In your command-line interface, navigate to the directory that contains your warehouse.yml file, then execute the following:

Command:

$ soda analyze

Output:

  | Analyzing warehouse.yml ...
  | Querying warehouse for tables
  | Creating tables directory tables
  | Executing SQL query:
SELECT table_name
FROM information_schema.tables
WHERE lower(table_schema)='public'
  | SQL took 0:00:00.008511
  | Executing SQL query:
SELECT column_name, data_type, is_nullable
FROM information_schema.columns
WHERE lower(table_name) = 'demodata'
  AND table_catalog = 'sodasql'
  AND table_schema = 'public'
  | SQL took 0:00:00.013018
  | Executing SQL query:
  ...
    | SQL took 0:00:00.008593
  | Creating tables/demodata.yml ...
  | Next run 'soda scan warehouse.yml tables/demodata.yml' to calculate measurements and run tests

In the above example, Soda SQL created a scan YAML file named demodata.yml and put it in the /tables directory.

If you decide to create your own scan YAML files manually, best practice dictates that you name the YAML file using the same name as the dataset in your warehouse.
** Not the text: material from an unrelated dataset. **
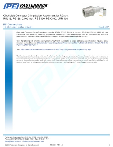 any representation or warranty regarding the suitability of the part described herein for any particular purpose, and Pasternack does not assume any liability arising out of the use of any part or documentation.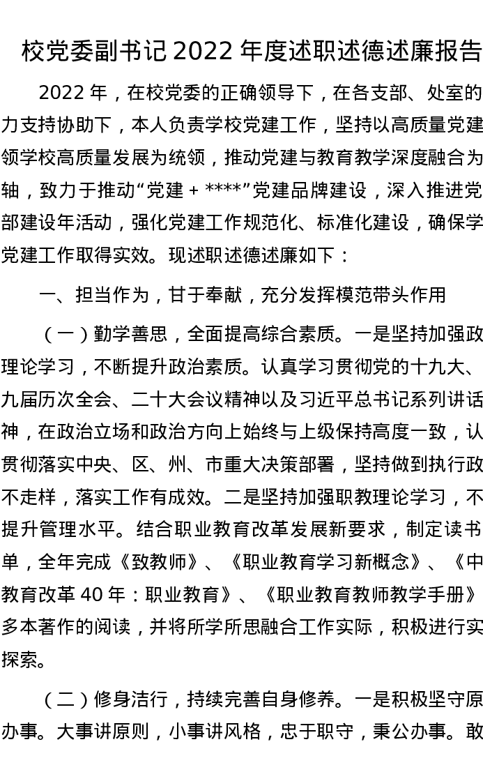 校党委副书记2022年度述职述德述廉报告

Tip: Use the soda analyze --help command to review optional parameters you can include to customize the analysis. For example, use soda analyze --include customer to analyze only the dataset named customer in your data source.

Anatomy of the scan YAML file

When it creates your scan YAML file, Soda SQL pre-populates it with the test and metric configurations it deems useful based on the data in the dataset it analyzed. You can keep those configurations intact and use them to run your scans, or you can adjust or add to them to fine-tune the tests Soda SQL runs on your data.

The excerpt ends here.